I use Ibex, but theres linea direct, abbeygate, knights.................. Cant give you anymore info than that, but google them. Altho I'm sure that you'll get some more answers!

Jo xxx


----------



## snr-fred (Feb 25, 2010)

Thanks man


----------



## snr-fred (Feb 25, 2010)

Thanks man or in your case "maam", will check them out


----------



## gus-lopez (Jan 4, 2010)

Liberty seguros or try this it's an on line price comparison site. ( in Spanish obviously)

Seguros coche - calcular precios seguros automovil
Also remember that anything that in the UK that is a car - derived van is classed here as a van & is insured as a commercial vehicle. Like, ford tourneo connect, peugeot partner, renault berlingo , fiat doblo , etc:


----------



## dunmovin (Dec 19, 2008)

dragon insurance sorted my car house and travel insurance. English speaker answer the phone


----------



## VFR (Dec 23, 2009)

I use Mapfre as most Spanish I know use them & they allow 4 payments to be spread across the year for just a little extra.
I am also told (?) that should you need the Grua they will recover your car from any place, as many of the others will not recover from caminos should the car fail there.


----------



## siobhanwf (Mar 20, 2009)

YIPPEE!!! IBEX insurance have come up trumps again.

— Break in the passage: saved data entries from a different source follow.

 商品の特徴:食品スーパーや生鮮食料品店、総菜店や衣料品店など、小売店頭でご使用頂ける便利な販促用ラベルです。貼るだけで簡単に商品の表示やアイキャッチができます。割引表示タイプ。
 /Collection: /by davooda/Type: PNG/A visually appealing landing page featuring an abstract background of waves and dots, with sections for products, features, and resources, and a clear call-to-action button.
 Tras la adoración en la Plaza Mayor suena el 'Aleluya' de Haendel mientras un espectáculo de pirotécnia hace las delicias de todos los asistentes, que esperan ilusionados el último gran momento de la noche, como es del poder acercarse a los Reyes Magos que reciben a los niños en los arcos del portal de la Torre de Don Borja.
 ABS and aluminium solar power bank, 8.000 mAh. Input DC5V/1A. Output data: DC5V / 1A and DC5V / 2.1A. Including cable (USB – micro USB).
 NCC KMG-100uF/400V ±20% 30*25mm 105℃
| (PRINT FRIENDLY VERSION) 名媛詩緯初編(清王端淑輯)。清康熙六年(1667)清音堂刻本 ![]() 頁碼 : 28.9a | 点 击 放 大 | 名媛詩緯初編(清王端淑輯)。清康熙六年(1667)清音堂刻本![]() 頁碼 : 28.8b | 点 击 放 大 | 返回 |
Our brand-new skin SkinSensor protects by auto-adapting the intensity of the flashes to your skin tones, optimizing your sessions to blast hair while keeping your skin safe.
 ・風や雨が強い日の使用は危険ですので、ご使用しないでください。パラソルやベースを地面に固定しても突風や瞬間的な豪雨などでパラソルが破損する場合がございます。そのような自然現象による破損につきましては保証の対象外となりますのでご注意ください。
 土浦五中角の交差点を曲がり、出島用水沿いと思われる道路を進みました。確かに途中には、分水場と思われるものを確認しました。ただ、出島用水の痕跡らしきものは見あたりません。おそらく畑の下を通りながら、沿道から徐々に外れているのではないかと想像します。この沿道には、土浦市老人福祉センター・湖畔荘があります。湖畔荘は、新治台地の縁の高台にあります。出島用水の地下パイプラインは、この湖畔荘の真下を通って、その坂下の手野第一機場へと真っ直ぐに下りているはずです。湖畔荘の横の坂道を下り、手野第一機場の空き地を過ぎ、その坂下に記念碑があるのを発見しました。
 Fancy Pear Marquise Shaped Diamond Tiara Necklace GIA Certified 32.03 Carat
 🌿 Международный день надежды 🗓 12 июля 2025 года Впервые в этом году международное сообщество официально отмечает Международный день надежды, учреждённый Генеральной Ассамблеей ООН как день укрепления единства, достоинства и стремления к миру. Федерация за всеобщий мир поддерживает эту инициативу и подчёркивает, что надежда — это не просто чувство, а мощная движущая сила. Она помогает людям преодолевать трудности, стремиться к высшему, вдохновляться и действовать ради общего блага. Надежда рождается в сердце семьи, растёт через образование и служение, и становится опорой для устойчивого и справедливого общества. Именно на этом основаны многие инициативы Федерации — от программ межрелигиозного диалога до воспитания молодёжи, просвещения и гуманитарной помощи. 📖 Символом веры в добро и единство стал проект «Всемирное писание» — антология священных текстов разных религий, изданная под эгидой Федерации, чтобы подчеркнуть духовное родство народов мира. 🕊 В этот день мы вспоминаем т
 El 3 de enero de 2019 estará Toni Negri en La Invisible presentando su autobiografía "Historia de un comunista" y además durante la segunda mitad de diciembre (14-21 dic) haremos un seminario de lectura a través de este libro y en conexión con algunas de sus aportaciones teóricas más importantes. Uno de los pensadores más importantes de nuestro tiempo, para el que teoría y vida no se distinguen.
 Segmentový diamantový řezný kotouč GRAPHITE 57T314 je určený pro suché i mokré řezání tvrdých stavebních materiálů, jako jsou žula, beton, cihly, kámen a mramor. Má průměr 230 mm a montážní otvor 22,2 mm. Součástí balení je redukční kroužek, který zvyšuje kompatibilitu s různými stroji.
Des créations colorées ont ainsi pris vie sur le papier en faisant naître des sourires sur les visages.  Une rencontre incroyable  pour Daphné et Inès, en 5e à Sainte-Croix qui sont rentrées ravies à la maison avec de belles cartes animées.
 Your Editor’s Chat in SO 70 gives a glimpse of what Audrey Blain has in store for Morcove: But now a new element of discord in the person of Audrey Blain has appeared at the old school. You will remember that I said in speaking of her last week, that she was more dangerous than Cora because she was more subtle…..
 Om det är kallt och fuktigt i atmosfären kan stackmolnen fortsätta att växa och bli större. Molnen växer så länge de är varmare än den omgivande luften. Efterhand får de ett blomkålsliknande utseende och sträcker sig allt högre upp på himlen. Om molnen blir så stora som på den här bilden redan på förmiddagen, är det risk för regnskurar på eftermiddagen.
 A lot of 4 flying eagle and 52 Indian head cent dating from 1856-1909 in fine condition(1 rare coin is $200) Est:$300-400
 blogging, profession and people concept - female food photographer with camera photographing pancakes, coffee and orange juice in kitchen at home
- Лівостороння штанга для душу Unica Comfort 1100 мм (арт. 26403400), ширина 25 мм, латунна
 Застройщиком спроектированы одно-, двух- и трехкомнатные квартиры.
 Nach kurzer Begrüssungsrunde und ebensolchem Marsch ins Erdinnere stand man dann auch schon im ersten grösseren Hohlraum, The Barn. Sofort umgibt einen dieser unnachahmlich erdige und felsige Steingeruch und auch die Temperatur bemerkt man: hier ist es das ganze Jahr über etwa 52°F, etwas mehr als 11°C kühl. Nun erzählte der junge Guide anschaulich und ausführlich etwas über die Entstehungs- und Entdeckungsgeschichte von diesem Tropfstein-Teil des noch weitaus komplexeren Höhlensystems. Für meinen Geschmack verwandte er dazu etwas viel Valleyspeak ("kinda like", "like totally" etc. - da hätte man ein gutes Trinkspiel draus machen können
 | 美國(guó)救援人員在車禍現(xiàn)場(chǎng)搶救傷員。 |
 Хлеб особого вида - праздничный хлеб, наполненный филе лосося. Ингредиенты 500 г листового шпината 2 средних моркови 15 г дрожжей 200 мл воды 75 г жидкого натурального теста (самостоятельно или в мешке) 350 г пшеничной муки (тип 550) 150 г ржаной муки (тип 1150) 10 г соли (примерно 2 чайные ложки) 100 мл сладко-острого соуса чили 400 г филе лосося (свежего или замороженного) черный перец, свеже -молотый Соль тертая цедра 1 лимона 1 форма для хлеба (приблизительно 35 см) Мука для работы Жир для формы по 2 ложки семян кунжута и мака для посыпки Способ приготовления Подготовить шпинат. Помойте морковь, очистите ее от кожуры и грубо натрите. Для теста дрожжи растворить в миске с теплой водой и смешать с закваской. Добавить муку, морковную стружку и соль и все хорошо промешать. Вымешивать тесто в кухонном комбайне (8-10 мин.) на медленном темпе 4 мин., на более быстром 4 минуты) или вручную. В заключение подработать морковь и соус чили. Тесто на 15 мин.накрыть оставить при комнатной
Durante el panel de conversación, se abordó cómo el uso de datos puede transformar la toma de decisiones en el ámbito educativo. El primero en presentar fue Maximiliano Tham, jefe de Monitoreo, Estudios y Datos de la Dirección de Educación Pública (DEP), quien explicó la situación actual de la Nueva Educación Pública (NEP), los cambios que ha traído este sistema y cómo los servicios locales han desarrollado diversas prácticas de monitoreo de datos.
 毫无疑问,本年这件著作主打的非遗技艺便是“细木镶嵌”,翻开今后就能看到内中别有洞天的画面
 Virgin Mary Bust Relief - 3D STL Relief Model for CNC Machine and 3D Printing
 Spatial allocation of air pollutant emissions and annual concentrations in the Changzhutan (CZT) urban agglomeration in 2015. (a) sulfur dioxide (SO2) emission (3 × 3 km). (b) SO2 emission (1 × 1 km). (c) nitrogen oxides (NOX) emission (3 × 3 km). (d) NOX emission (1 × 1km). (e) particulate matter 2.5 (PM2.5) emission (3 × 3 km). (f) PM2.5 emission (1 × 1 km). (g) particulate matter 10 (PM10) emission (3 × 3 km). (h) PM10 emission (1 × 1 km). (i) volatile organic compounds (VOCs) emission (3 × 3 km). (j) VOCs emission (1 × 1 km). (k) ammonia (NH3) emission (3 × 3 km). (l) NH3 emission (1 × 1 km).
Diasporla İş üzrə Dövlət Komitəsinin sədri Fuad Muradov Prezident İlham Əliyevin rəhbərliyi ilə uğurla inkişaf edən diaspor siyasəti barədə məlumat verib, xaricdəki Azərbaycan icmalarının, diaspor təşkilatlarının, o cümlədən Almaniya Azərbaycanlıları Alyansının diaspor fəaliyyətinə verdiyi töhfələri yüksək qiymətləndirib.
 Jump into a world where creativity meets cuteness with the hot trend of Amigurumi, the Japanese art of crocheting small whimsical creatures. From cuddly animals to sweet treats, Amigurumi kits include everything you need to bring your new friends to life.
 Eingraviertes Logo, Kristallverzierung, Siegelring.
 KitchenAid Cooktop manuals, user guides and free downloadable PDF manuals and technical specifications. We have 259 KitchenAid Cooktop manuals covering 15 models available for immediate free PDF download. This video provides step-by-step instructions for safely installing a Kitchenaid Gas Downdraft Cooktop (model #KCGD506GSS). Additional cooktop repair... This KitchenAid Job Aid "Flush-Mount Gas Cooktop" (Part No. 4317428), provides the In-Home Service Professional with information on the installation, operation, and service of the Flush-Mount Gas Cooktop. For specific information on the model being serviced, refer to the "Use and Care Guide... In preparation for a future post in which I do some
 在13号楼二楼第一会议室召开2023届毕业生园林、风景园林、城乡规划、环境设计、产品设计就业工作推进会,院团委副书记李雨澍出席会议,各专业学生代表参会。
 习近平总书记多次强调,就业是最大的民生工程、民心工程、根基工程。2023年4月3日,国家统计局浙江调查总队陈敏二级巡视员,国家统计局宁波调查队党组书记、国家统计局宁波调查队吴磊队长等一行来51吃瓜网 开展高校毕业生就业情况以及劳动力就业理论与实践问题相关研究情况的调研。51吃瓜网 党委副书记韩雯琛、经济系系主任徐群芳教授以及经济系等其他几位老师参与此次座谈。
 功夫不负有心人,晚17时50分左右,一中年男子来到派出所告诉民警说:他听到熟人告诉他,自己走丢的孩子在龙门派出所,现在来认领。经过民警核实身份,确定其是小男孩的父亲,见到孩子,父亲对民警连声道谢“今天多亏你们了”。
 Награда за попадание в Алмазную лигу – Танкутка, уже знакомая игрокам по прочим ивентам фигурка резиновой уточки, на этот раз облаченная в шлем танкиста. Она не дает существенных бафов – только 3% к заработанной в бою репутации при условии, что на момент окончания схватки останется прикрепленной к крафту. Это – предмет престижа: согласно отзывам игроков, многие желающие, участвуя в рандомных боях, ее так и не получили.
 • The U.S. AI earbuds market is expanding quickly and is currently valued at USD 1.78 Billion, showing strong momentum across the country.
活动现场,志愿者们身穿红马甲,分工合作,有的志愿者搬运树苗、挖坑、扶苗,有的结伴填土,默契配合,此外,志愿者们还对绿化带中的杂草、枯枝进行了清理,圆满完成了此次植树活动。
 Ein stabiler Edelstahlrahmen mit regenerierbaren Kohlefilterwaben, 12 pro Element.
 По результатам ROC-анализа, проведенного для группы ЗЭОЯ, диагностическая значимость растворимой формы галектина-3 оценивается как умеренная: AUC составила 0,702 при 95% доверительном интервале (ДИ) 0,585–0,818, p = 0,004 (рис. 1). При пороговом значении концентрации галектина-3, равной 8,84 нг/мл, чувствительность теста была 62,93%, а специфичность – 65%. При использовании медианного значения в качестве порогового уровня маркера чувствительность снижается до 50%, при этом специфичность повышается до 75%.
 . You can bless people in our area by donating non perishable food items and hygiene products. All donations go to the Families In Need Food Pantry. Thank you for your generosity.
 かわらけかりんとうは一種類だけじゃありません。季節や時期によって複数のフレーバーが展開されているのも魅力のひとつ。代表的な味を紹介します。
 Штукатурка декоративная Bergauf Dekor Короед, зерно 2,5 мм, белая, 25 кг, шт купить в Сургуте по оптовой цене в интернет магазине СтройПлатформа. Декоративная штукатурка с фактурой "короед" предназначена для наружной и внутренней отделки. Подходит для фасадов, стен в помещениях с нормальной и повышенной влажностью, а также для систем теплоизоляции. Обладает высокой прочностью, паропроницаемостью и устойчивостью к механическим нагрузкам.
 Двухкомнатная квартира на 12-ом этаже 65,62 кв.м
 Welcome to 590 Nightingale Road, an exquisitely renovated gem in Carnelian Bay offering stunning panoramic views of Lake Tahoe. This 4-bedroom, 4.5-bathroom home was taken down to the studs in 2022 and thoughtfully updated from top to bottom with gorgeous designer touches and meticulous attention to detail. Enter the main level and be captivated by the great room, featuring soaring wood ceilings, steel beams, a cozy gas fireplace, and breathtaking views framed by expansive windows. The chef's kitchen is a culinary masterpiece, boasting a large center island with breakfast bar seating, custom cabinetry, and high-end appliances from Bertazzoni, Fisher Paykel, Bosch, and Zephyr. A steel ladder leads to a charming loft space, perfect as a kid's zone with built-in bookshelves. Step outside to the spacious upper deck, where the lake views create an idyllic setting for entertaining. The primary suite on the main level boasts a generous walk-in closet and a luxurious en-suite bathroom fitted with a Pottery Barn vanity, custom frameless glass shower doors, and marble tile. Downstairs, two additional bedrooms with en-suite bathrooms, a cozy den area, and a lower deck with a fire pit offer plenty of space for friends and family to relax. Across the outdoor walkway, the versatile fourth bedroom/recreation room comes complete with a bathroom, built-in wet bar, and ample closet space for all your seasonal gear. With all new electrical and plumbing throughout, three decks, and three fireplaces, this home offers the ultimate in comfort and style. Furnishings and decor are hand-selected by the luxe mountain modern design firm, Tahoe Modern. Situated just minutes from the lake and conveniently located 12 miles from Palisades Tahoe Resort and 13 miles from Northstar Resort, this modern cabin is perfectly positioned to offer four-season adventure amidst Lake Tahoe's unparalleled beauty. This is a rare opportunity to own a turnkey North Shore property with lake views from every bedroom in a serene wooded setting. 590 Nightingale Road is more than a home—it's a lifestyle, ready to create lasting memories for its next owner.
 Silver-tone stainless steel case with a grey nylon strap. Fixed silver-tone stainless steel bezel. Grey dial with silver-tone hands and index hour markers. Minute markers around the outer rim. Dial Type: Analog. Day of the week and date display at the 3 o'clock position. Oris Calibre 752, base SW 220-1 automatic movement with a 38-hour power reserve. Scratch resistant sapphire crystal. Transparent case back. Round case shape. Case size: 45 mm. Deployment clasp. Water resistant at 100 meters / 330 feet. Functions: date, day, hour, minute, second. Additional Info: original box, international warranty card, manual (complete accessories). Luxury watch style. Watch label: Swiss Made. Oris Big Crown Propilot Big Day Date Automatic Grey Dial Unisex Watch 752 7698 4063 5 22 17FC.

They even matched the 2 months free insurance from Abbeygate!!!!


----------



## country boy (Mar 10, 2010)

It depends where in "Spain" you are.
We use an English owned Agency in Coin and they are very competitive and have changed our Insurers several times over the years to get us the best deal. 
We had a very bad experience when we first came to Spain with Linea Directa in premiums from the second year onwards after the amazing "starter" quote to hook us in for the new policy; however I've heard other people extol their virtues so cannot comment otherwise.


----------



## JBODEN (Jul 10, 2009)

If you want to change from one insurance Co. to another do you have to give the old one notice of that fact?


----------



## morlandg (Jun 8, 2008)

JBODEN said:


> If you want to change from one insurance Co. to another do you have to give the old one notice of that fact?


I understand it is 2 months notice - even though the insurance company will probably only give you a week's notice of their more expensive renewal!


----------